Problem description >>
The reply has to contain each record exactly as written.

(Records contained in a dataset)
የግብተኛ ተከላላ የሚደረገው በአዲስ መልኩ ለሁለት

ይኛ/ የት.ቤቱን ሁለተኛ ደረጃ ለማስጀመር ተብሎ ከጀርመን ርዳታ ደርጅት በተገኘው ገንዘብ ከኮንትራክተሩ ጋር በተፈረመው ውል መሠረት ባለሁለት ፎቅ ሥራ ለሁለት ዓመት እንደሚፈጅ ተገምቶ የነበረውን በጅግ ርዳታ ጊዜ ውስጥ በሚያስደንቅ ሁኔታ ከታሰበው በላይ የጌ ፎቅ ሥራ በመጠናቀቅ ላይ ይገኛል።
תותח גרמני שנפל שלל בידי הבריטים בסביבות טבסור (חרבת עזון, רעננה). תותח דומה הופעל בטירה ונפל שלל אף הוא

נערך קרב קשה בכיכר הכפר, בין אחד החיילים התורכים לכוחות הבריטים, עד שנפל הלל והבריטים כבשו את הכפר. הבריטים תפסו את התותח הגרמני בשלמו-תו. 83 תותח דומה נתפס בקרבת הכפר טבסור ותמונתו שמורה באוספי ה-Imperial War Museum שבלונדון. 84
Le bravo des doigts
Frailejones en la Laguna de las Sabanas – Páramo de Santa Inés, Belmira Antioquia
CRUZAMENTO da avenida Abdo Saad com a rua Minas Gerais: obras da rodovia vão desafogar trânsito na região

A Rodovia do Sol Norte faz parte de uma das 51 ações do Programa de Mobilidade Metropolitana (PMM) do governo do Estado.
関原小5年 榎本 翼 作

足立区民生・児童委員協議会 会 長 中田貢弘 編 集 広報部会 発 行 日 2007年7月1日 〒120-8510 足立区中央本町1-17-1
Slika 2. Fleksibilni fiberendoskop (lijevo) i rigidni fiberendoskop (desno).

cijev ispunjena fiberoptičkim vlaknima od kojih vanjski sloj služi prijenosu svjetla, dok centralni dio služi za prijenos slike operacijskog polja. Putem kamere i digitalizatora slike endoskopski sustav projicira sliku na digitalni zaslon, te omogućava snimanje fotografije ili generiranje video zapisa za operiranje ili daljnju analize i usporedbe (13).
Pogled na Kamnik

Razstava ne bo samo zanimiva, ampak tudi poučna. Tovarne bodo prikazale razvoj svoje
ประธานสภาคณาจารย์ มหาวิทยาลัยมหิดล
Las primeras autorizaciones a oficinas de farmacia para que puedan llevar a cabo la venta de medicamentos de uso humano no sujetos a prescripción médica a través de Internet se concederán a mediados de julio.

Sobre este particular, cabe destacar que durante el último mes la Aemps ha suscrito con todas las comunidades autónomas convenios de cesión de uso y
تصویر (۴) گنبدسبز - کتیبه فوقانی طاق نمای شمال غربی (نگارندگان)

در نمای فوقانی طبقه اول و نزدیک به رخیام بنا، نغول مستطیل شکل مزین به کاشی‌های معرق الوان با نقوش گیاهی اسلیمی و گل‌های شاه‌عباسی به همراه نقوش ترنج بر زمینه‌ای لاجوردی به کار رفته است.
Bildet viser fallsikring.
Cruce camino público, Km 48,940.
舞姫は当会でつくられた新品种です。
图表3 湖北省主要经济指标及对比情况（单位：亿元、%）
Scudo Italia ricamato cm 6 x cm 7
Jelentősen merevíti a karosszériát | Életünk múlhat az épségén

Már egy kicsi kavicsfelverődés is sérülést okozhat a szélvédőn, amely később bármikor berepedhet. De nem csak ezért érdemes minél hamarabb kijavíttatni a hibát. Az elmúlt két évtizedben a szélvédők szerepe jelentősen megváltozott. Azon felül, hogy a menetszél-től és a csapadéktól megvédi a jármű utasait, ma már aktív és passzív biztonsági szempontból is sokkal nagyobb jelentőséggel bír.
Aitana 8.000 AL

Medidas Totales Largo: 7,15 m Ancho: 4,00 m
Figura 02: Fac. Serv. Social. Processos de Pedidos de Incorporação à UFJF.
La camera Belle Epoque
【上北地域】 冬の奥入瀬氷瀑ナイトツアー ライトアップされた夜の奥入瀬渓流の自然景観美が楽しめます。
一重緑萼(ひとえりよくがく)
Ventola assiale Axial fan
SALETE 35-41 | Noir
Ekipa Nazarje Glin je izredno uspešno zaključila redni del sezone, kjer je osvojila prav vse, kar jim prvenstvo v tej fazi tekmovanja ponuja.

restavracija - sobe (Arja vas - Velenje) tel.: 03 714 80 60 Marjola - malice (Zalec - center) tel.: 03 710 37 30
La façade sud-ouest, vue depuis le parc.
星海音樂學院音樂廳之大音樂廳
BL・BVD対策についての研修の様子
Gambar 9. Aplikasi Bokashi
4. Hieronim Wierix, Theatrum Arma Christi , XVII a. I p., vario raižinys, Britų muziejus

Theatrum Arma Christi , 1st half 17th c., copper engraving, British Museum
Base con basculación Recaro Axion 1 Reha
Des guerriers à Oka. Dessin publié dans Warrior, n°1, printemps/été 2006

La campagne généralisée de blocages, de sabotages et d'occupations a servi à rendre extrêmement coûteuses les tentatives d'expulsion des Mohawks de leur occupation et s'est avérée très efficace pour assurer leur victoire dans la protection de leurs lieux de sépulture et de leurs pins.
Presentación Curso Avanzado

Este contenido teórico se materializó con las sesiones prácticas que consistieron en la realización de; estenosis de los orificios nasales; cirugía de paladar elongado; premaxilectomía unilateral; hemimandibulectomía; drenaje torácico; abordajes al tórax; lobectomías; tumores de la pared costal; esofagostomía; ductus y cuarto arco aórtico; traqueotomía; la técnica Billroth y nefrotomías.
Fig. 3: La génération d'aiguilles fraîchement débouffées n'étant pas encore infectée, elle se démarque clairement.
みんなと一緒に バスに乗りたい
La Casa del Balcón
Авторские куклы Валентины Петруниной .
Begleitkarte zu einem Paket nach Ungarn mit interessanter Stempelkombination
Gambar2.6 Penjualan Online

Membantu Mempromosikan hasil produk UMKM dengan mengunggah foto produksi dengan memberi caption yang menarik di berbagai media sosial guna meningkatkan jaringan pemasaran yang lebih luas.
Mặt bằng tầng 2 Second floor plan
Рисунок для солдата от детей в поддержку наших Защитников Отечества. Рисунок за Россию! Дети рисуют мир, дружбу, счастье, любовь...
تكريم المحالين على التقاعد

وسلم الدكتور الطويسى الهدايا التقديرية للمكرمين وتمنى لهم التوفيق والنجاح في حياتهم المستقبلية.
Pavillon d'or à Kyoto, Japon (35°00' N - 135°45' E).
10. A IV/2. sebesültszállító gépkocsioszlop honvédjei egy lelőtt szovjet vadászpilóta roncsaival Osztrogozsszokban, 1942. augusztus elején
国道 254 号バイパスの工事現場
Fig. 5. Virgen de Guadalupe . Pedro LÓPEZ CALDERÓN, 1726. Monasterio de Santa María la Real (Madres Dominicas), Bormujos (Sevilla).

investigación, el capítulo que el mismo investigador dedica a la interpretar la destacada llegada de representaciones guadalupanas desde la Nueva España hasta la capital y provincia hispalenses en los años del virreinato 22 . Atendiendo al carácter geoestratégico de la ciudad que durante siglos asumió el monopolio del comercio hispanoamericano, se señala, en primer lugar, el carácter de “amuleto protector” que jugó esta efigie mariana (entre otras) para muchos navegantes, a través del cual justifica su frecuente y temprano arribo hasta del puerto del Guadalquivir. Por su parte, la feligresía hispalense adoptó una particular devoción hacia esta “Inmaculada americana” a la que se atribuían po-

Exercise response >>
የግብተኛ ተከላላ የሚደረገው በአዲስ መልኩ ለሁለት

ይኛ/ የት.ቤቱን ሁለተኛ ደረጃ ለማስጀመር ተብሎ ከጀርመን ርዳታ ደርጅት በተገኘው ገንዘብ ከኮንትራክተሩ ጋር በተፈረመው ውል መሠረት ባለሁለት ፎቅ ሥራ ለሁለት ዓመት እንደሚፈጅ ተገምቶ የነበረውን በጅግ ርዳታ ጊዜ ውስጥ በሚያስደንቅ ሁኔታ ከታሰበው በላይ የጌ ፎቅ ሥራ በመጠናቀቅ ላይ ይገኛል።
תותח גרמני שנפל שלל בידי הבריטים בסביבות טבסור (חרבת עזון, רעננה). תותח דומה הופעל בטירה ונפל שלל אף הוא

נערך קרב קשה בכיכר הכפר, בין אחד החיילים התורכים לכוחות הבריטים, עד שנפל הלל והבריטים כבשו את הכפר. הבריטים תפסו את התותח הגרמני בשלמו-תו. 83 תותח דומה נתפס בקרבת הכפר טבסור ותמונתו שמורה באוספי ה-Imperial War Museum שבלונדון. 84
Le bravo des doigts
Frailejones en la Laguna de las Sabanas – Páramo de Santa Inés, Belmira Antioquia
CRUZAMENTO da avenida Abdo Saad com a rua Minas Gerais: obras da rodovia vão desafogar trânsito na região

A Rodovia do Sol Norte faz parte de uma das 51 ações do Programa de Mobilidade Metropolitana (PMM) do governo do Estado.
関原小5年 榎本 翼 作

足立区民生・児童委員協議会 会 長 中田貢弘 編 集 広報部会 発 行 日 2007年7月1日 〒120-8510 足立区中央本町1-17-1
Slika 2. Fleksibilni fiberendoskop (lijevo) i rigidni fiberendoskop (desno).

cijev ispunjena fiberoptičkim vlaknima od kojih vanjski sloj služi prijenosu svjetla, dok centralni dio služi za prijenos slike operacijskog polja. Putem kamere i digitalizatora slike endoskopski sustav projicira sliku na digitalni zaslon, te omogućava snimanje fotografije ili generiranje video zapisa za operiranje ili daljnju analize i usporedbe (13).
Pogled na Kamnik

Razstava ne bo samo zanimiva, ampak tudi poučna. Tovarne bodo prikazale razvoj svoje
ประธานสภาคณาจารย์ มหาวิทยาลัยมหิดล
Las primeras autorizaciones a oficinas de farmacia para que puedan llevar a cabo la venta de medicamentos de uso humano no sujetos a prescripción médica a través de Internet se concederán a mediados de julio.

Sobre este particular, cabe destacar que durante el último mes la Aemps ha suscrito con todas las comunidades autónomas convenios de cesión de uso y
تصویر (۴) گنبدسبز - کتیبه فوقانی طاق نمای شمال غربی (نگارندگان)

در نمای فوقانی طبقه اول و نزدیک به رخیام بنا، نغول مستطیل شکل مزین به کاشی‌های معرق الوان با نقوش گیاهی اسلیمی و گل‌های شاه‌عباسی به همراه نقوش ترنج بر زمینه‌ای لاجوردی به کار رفته است.
Bildet viser fallsikring.
Cruce camino público, Km 48,940.
舞姫は当会でつくられた新品种です。
图表3 湖北省主要经济指标及对比情况（单位：亿元、%）
Scudo Italia ricamato cm 6 x cm 7
Jelentősen merevíti a karosszériát | Életünk múlhat az épségén

Már egy kicsi kavicsfelverődés is sérülést okozhat a szélvédőn, amely később bármikor berepedhet. De nem csak ezért érdemes minél hamarabb kijavíttatni a hibát. Az elmúlt két évtizedben a szélvédők szerepe jelentősen megváltozott. Azon felül, hogy a menetszél-től és a csapadéktól megvédi a jármű utasait, ma már aktív és passzív biztonsági szempontból is sokkal nagyobb jelentőséggel bír.
Aitana 8.000 AL

Medidas Totales Largo: 7,15 m Ancho: 4,00 m
Figura 02: Fac. Serv. Social. Processos de Pedidos de Incorporação à UFJF.
La camera Belle Epoque
【上北地域】 冬の奥入瀬氷瀑ナイトツアー ライトアップされた夜の奥入瀬渓流の自然景観美が楽しめます。
一重緑萼(ひとえりよくがく)
Ventola assiale Axial fan
SALETE 35-41 | Noir
Ekipa Nazarje Glin je izredno uspešno zaključila redni del sezone, kjer je osvojila prav vse, kar jim prvenstvo v tej fazi tekmovanja ponuja.

restavracija - sobe (Arja vas - Velenje) tel.: 03 714 80 60 Marjola - malice (Zalec - center) tel.: 03 710 37 30
La façade sud-ouest, vue depuis le parc.
星海音樂學院音樂廳之大音樂廳
BL・BVD対策についての研修の様子
Gambar 9. Aplikasi Bokashi
4. Hieronim Wierix, Theatrum Arma Christi , XVII a. I p., vario raižinys, Britų muziejus

Theatrum Arma Christi , 1st half 17th c., copper engraving, British Museum
Base con basculación Recaro Axion 1 Reha
Des guerriers à Oka. Dessin publié dans Warrior, n°1, printemps/été 2006

La campagne généralisée de blocages, de sabotages et d'occupations a servi à rendre extrêmement coûteuses les tentatives d'expulsion des Mohawks de leur occupation et s'est avérée très efficace pour assurer leur victoire dans la protection de leurs lieux de sépulture et de leurs pins.
Presentación Curso Avanzado

Este contenido teórico se materializó con las sesiones prácticas que consistieron en la realización de; estenosis de los orificios nasales; cirugía de paladar elongado; premaxilectomía unilateral; hemimandibulectomía; drenaje torácico; abordajes al tórax; lobectomías; tumores de la pared costal; esofagostomía; ductus y cuarto arco aórtico; traqueotomía; la técnica Billroth y nefrotomías.
Fig. 3: La génération d'aiguilles fraîchement débouffées n'étant pas encore infectée, elle se démarque clairement.
みんなと一緒に バスに乗りたい
La Casa del Balcón
Авторские куклы Валентины Петруниной .
Begleitkarte zu einem Paket nach Ungarn mit interessanter Stempelkombination
Gambar2.6 Penjualan Online

Membantu Mempromosikan hasil produk UMKM dengan mengunggah foto produksi dengan memberi caption yang menarik di berbagai media sosial guna meningkatkan jaringan pemasaran yang lebih luas.
Mặt bằng tầng 2 Second floor plan
Рисунок для солдата от детей в поддержку наших Защитников Отечества. Рисунок за Россию! Дети рисуют мир, дружбу, счастье, любовь...
تكريم المحالين على التقاعد

وسلم الدكتور الطويسى الهدايا التقديرية للمكرمين وتمنى لهم التوفيق والنجاح في حياتهم المستقبلية.
Pavillon d'or à Kyoto, Japon (35°00' N - 135°45' E).
10. A IV/2. sebesültszállító gépkocsioszlop honvédjei egy lelőtt szovjet vadászpilóta roncsaival Osztrogozsszokban, 1942. augusztus elején
国道 254 号バイパスの工事現場
Fig. 5. Virgen de Guadalupe . Pedro LÓPEZ CALDERÓN, 1726. Monasterio de Santa María la Real (Madres Dominicas), Bormujos (Sevilla).

investigación, el capítulo que el mismo investigador dedica a la interpretar la destacada llegada de representaciones guadalupanas desde la Nueva España hasta la capital y provincia hispalenses en los años del virreinato 22 . Atendiendo al carácter geoestratégico de la ciudad que durante siglos asumió el monopolio del comercio hispanoamericano, se señala, en primer lugar, el carácter de “amuleto protector” que jugó esta efigie mariana (entre otras) para muchos navegantes, a través del cual justifica su frecuente y temprano arribo hasta del puerto del Guadalquivir. Por su parte, la feligresía hispalense adoptó una particular devoción hacia esta “Inmaculada americana” a la que se atribuían po-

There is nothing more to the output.